There are variations on ship:
Bull Ship
Chickenship
Piece of Ship
Ship Happens
Shipfaced
And sloop:
Campbell’s Sloop
Duck Sloop
Sloop du Jour
Sea is always popular:
Constant Sea
FantaSea
Sea Clusion
Sea Duction
Sea Nile
Sea Sun Ticket
Tip Sea
Sea Yawl Later!
And buoy:
Buoy, Oh Buoy
Buoys and Gulls
Buoys in the Hood
Knotty Buoys
And the variations on knot are endless.
Knot Big Enough
Knot My Job
Knot Paid IV
Knot Working
Knot Guilty (is the captain a lawyer?)
If you’re the skipper of a new catamaran, the sky’s the limit:
Aristocat
Cat’s Meow
Cattitude
Catatonic
Nauti-Cat
Top Cat
And finally, there’s the totally obscure:
Dances With Sheep
Puckered Penguin
Shoot Low They’re Riding Chickens
(Don’t ask me! I haven’t a clue.)
I’d always liked Walter Cronkite’s sailboat, Assignment. “Honey, if anyone calls, tell them I’m on Assignment.” For similar reasons, any number of boats have been named The Office. Perhaps my next boat will be named, The Final Draft.
THE END
Thanks for the morning laughs Marcia.
Posted by: Kristopher | May 01, 2014 at 05:55 AM
Marcia - Only YOU could come up with such a funny post!!!!You've obviously spent way too much time on the water with the bubbly!!!! :-)
Posted by: Barbara Holderby | May 01, 2014 at 06:44 AM
Thanks, it was fun to write. And Barbara I was totally sober!
Posted by: Marcia Talley | May 01, 2014 at 06:55 AM
Great post, Marcia dear! I will be sniggering all day. That's at least a year's worth of puns.
And reminds me of the time we took Kayti to England when she was six and she kept a journal of every pub name we passed. Still have it somewhere...
Posted by: Deborah Crombie | May 01, 2014 at 07:42 AM
Debs, I had a friend who collected names of New York City cab drivers!

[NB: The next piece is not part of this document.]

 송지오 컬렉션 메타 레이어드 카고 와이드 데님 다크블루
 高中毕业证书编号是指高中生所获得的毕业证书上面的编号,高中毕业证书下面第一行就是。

Posted by: Marcia Talley | May 01, 2014 at 08:08 AM
Fabulous! lovely way to start the day. xoo
Posted by: Hank Phillippi Ryan | May 01, 2014 at 08:21 AM
How do you sink a 40-foot cabin cruiser? There's an IV League docked near me, undoubtedly owned by a doctor. Whenever I see it and remember the medical bills I've paid, I'm tempted to set the thing on fire.

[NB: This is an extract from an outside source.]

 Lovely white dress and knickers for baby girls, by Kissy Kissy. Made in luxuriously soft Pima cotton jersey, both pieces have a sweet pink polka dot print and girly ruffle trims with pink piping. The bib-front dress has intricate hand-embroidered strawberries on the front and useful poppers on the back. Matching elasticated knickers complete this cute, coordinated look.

Posted by: Elaine Viets | May 01, 2014 at 08:38 AM
Elaine, I felt the same way about Bi-op-Sea. To think that the money they made on tests to diagnose cancer was spent on a pleasure craft! Ugh.
Water in the gas tank will do!
Posted by: Marcia Talley | May 01, 2014 at 08:43 AM
Wonderful!
Posted by: Lauren | May 01, 2014 at 10:02 AM
I remember that self-bailing cockpit.
Posted by: Kitty | May 01, 2014 at 02:11 PM
Kitty, you were one of the first dunkees!

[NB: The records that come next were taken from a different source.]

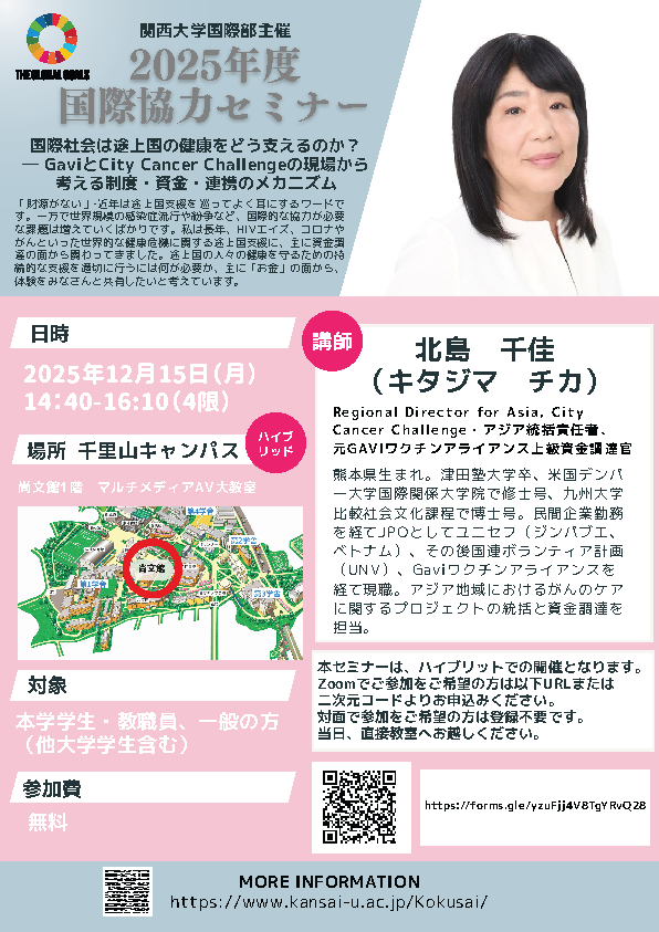 今回は、Regional Director for Asia, City Cancer Challenge・アジア統括責任者 北島千佳(キタジマ チカ)氏をお迎えし、「国際社会は途上国の健康をどう支えるのか?― GaviとCity Cancer Challengeの現場から考える制度・資金・連携のメカニズム」をテーマとしたセミナーを企画しました。
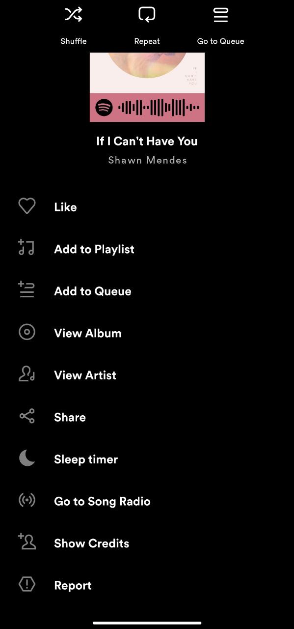 Spotify kann einen einzelnen Song in eine Radio-Playlist umwandeln. Gehe zum Radio findest du, indem du den Song öffnest, auf das Drei-Punkte-Menü neben dem Titel tippst und dann nach unten scrollst. Basierend auf Ihrem Lieblingssong stellt Spotify einen Musikstream zusammen.
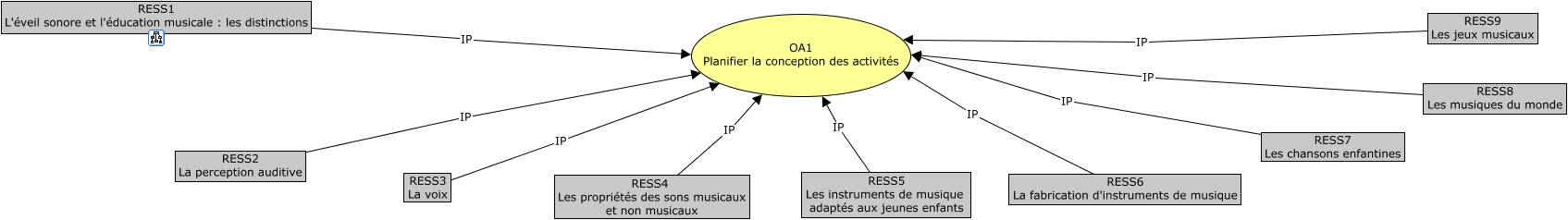 Cette carte de concepts créée avec IHMC CmapTools traite de: OA1, RESS7 Les chansons enfantines IP OA1 Planifier la conception des activités, RESS8 Les musiques du monde IP OA1 Planifier la conception des activités, RESS5 Les instruments de musique adaptés aux jeunes enfants IP OA1 Planifier la conception des activités, RESS1 L'éveil sonore et l'éducation musicale : les distinctions IP OA1 Planifier la conception des activités, RESS3 La voix IP OA1 Planifier la conception des activités, RESS2 La perception auditive IP OA1 Planifier la conception des activités, RESS6 La fabrication d'instruments de musique IP OA1 Planifier la conception des activités, RESS9 Les jeux musicaux IP OA1 Planifier la conception des activités, RESS4 Les propriétés des sons musicaux et non musicaux IP OA1 Planifier la conception des activités

Posted by: Marcia Talley | May 01, 2014 at 08:13 PM
Great fun, Marcia. My dad came up with a couple, the first: "Blo Peep", then came: "Oola" (no extra la needed), and last was: "Nautigal". As for me I'll have the Sloop du Jour, sil vous plait.
Posted by: Paul Warner | May 02, 2014 at 05:01 PM
Paul, thanks for the memories!!
Posted by: Marcia Talley | May 03, 2014 at 07:31 AM
Frankly, I loved "The Kiev Sea." I still think it is a fine name for a musician's boat.
Posted by: Linda Sprenkle | May 03, 2014 at 04:13 PM
SO great! Love this. I am SO impressed that you kept track. YOu are SUCH a writer! xooxo
Posted by: Hank Phillippi Ryan | October 20, 2016 at 05:19 AM
I loved some of those obscure ones you put in at the end. And I really want to know the stories behind them.
Posted by: Mark | October 20, 2016 at 08:49 AM
You win in the didn't have a lot of fun in Virginia that weekend contest. I at least got to enjoy Mathew from inside my house. Just wish the schedule had been reversed - tropical storm after replacing leaking window would have been preferable.